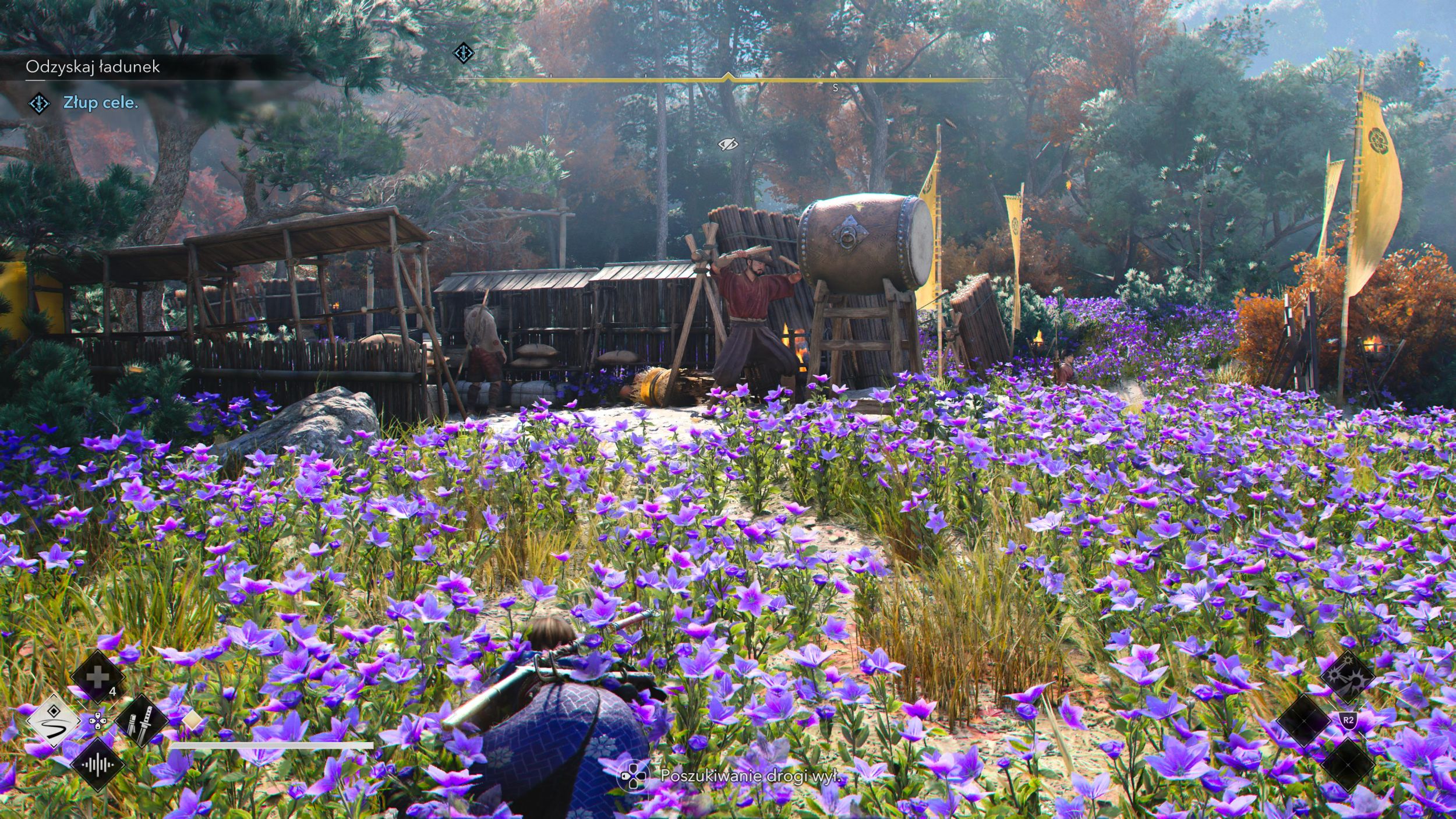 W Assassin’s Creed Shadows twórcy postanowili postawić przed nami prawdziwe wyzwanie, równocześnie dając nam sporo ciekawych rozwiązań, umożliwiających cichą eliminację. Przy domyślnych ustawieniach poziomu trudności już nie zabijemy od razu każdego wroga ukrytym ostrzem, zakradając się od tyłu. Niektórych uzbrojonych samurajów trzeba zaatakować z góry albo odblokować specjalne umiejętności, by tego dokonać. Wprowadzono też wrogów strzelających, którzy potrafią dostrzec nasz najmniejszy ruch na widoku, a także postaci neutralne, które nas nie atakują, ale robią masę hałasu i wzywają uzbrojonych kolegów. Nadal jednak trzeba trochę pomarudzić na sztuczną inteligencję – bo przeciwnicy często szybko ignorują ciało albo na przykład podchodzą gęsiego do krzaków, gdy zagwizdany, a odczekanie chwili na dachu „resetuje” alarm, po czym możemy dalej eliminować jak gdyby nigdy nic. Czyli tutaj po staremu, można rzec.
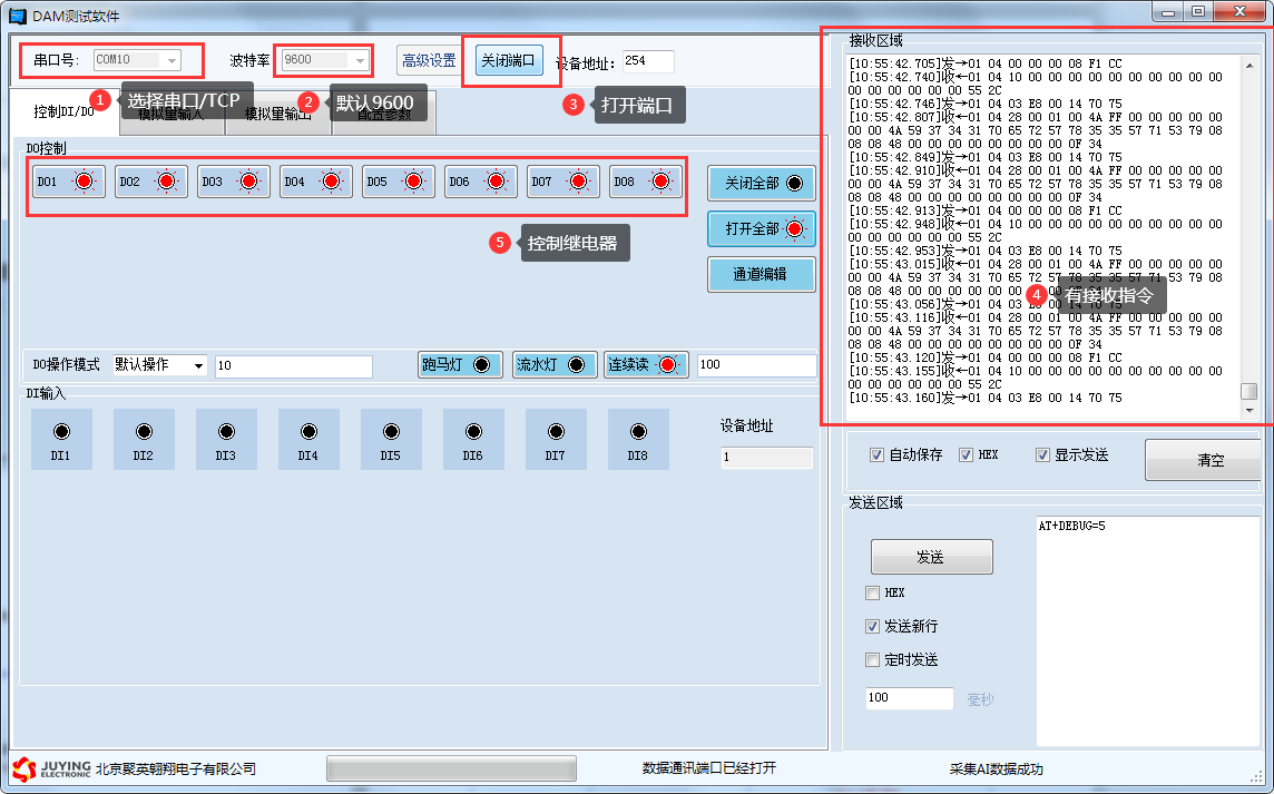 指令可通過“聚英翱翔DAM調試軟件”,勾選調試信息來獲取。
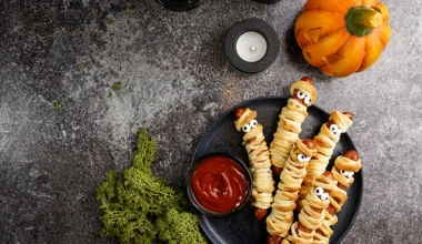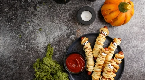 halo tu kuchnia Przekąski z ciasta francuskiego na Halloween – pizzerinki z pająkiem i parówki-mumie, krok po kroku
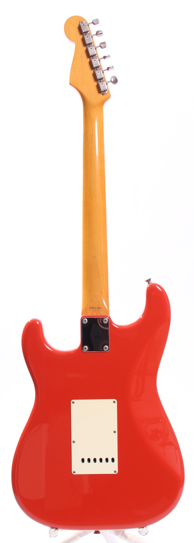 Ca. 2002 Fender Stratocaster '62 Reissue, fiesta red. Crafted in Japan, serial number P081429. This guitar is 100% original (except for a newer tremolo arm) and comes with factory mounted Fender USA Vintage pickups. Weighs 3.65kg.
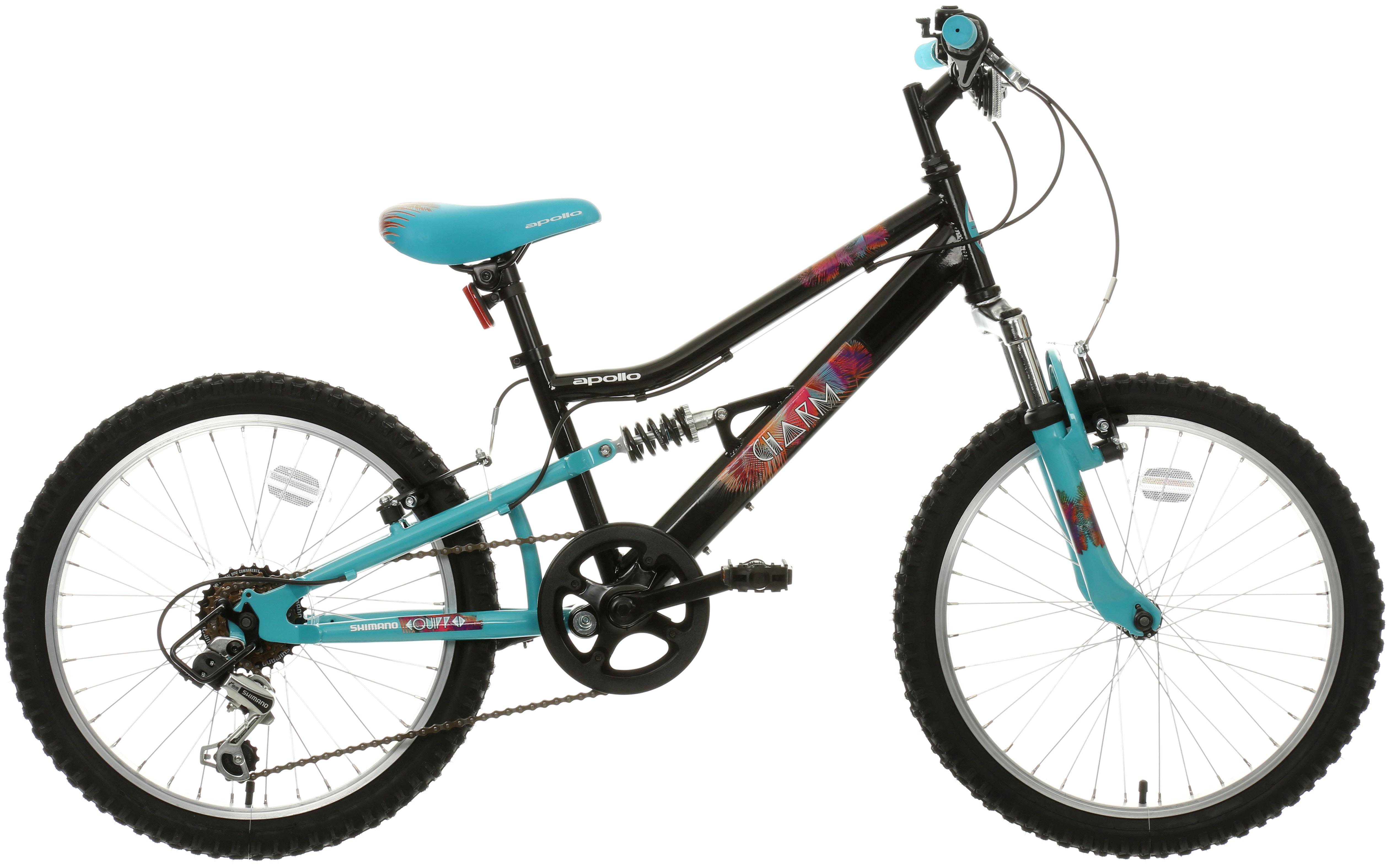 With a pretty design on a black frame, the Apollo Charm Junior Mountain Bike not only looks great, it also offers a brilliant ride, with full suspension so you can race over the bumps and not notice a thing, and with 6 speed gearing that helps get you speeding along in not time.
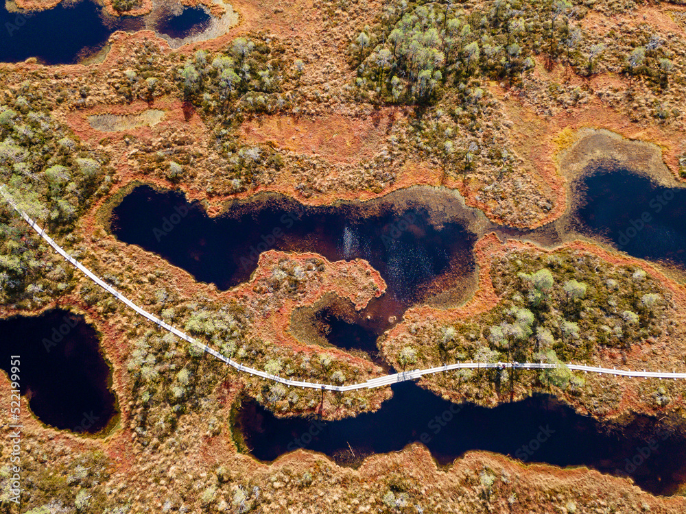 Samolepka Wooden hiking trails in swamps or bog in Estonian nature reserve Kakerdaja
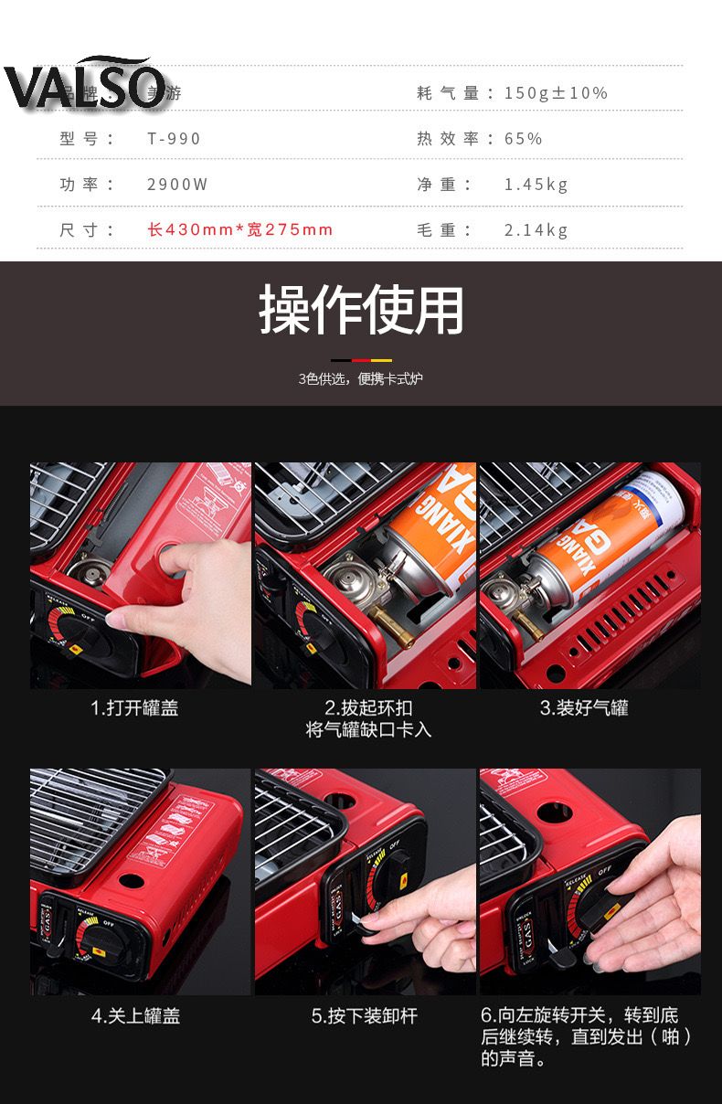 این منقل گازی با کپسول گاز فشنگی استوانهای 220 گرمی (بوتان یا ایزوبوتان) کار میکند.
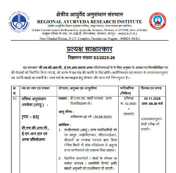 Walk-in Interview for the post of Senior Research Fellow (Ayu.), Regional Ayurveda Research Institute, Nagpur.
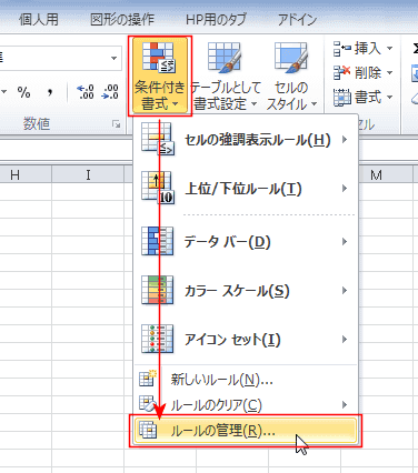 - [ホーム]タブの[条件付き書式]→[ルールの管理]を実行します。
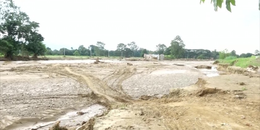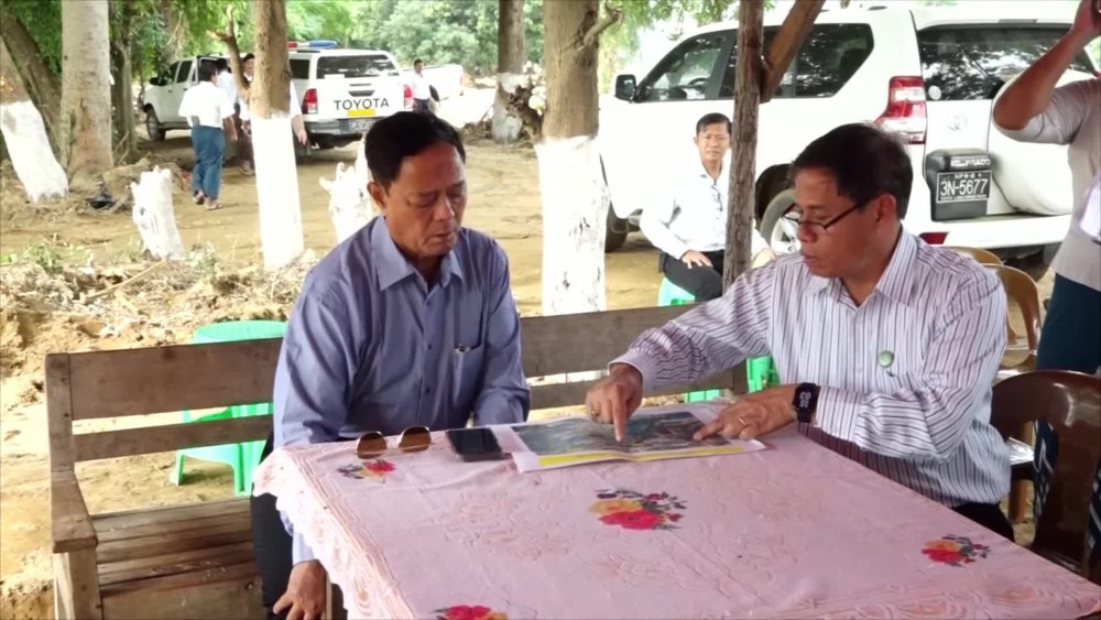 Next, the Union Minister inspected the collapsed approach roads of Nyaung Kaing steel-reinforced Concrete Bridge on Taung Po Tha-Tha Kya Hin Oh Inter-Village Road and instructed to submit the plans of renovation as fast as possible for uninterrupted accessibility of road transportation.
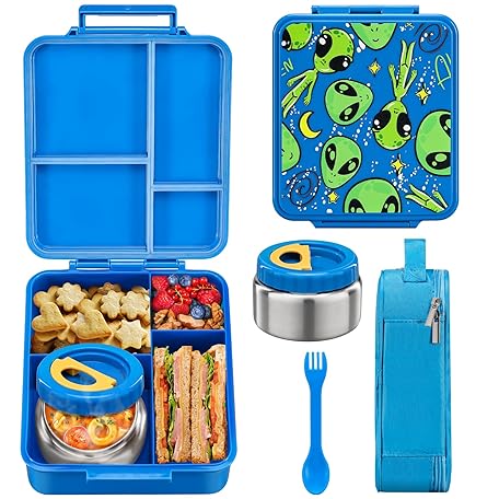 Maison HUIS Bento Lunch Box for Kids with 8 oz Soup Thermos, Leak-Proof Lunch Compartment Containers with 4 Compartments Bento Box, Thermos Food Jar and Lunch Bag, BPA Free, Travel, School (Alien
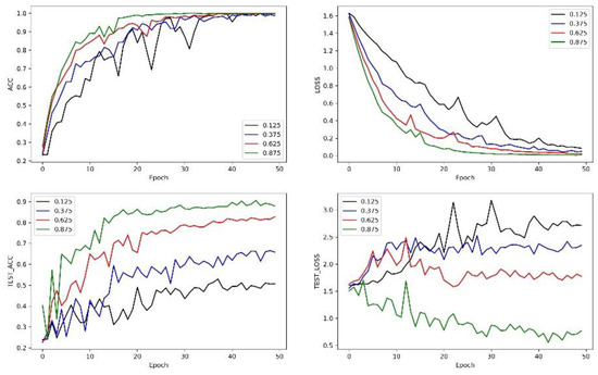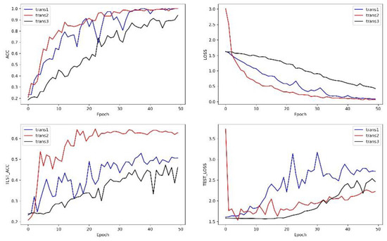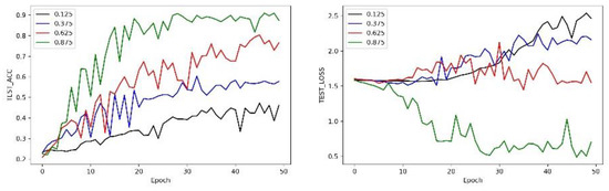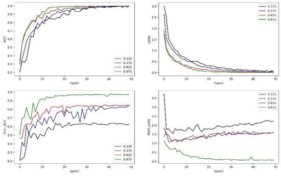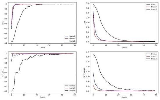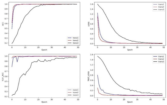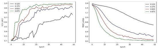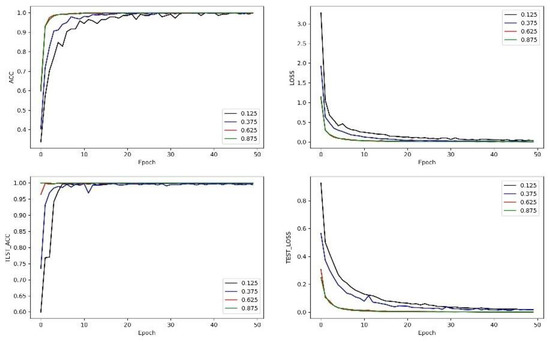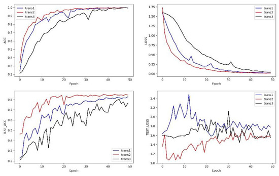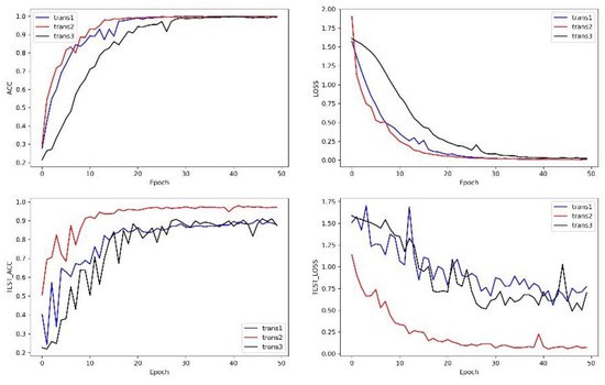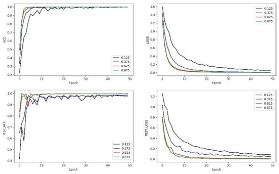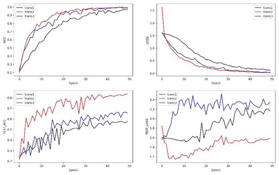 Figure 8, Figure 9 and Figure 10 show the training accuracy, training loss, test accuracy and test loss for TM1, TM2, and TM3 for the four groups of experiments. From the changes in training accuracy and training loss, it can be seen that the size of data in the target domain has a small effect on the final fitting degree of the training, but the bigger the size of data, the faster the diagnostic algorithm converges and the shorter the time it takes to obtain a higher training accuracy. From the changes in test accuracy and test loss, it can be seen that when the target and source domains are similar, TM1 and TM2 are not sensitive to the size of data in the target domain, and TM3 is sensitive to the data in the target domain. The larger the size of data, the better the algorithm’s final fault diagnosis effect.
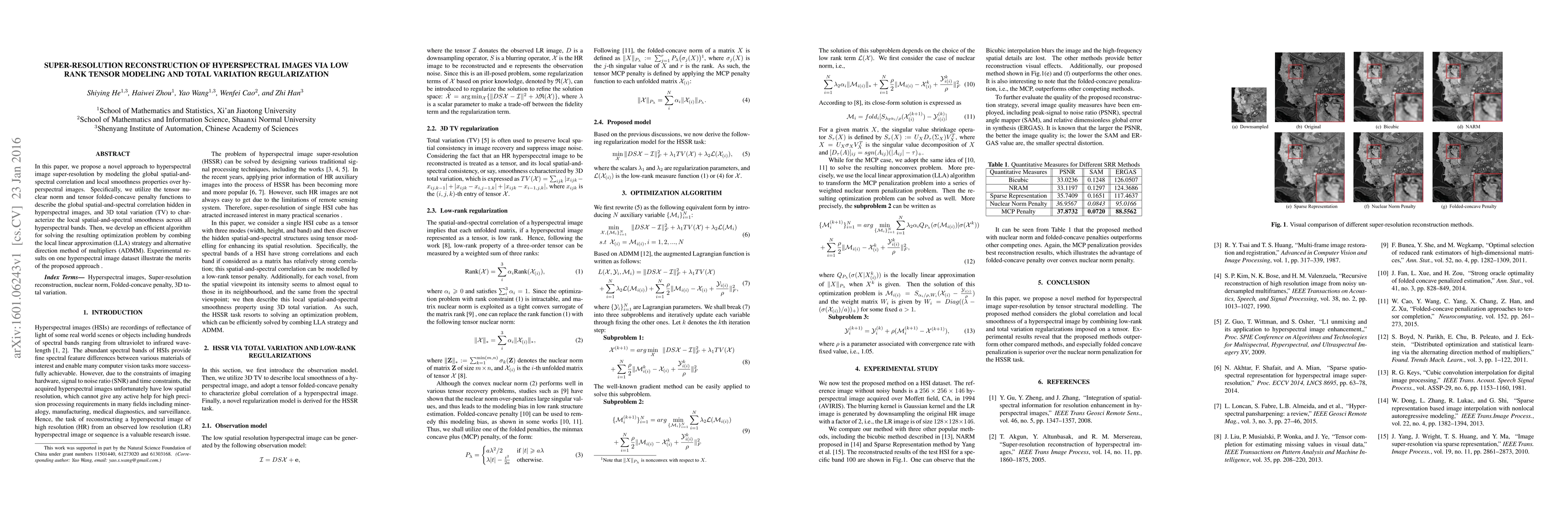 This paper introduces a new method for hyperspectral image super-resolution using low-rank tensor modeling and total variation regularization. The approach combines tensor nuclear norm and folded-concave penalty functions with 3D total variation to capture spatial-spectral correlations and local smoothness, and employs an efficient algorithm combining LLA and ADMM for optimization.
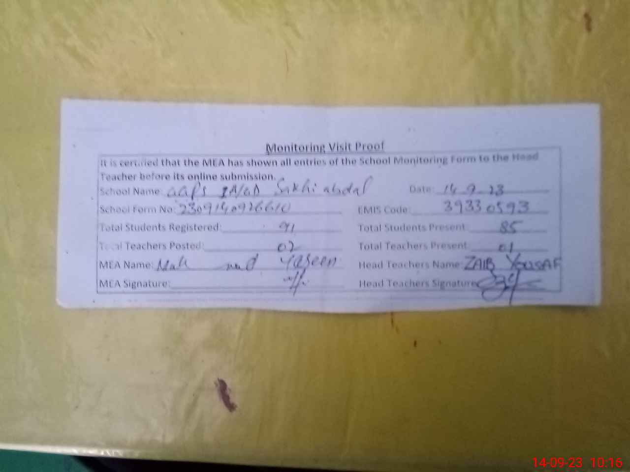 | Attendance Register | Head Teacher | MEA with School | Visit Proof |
-- -- --
# WORK ORDER:
Restate the material word for word from its first line through the line containing "این منقل گازی", both included; the pictures do not belong in it.

# EXERCISE ANSWER:
 W Assassin’s Creed Shadows twórcy postanowili postawić przed nami prawdziwe wyzwanie, równocześnie dając nam sporo ciekawych rozwiązań, umożliwiających cichą eliminację. Przy domyślnych ustawieniach poziomu trudności już nie zabijemy od razu każdego wroga ukrytym ostrzem, zakradając się od tyłu. Niektórych uzbrojonych samurajów trzeba zaatakować z góry albo odblokować specjalne umiejętności, by tego dokonać. Wprowadzono też wrogów strzelających, którzy potrafią dostrzec nasz najmniejszy ruch na widoku, a także postaci neutralne, które nas nie atakują, ale robią masę hałasu i wzywają uzbrojonych kolegów. Nadal jednak trzeba trochę pomarudzić na sztuczną inteligencję – bo przeciwnicy często szybko ignorują ciało albo na przykład podchodzą gęsiego do krzaków, gdy zagwizdany, a odczekanie chwili na dachu „resetuje” alarm, po czym możemy dalej eliminować jak gdyby nigdy nic. Czyli tutaj po staremu, można rzec.
 指令可通過“聚英翱翔DAM調試軟件”,勾選調試信息來獲取。
 halo tu kuchnia Przekąski z ciasta francuskiego na Halloween – pizzerinki z pająkiem i parówki-mumie, krok po kroku
 Ca. 2002 Fender Stratocaster '62 Reissue, fiesta red. Crafted in Japan, serial number P081429. This guitar is 100% original (except for a newer tremolo arm) and comes with factory mounted Fender USA Vintage pickups. Weighs 3.65kg.
 With a pretty design on a black frame, the Apollo Charm Junior Mountain Bike not only looks great, it also offers a brilliant ride, with full suspension so you can race over the bumps and not notice a thing, and with 6 speed gearing that helps get you speeding along in not time.
 Samolepka Wooden hiking trails in swamps or bog in Estonian nature reserve Kakerdaja
 این منقل گازی با کپسول گاز فشنگی استوانهای 220 گرمی (بوتان یا ایزوبوتان) کار میکند.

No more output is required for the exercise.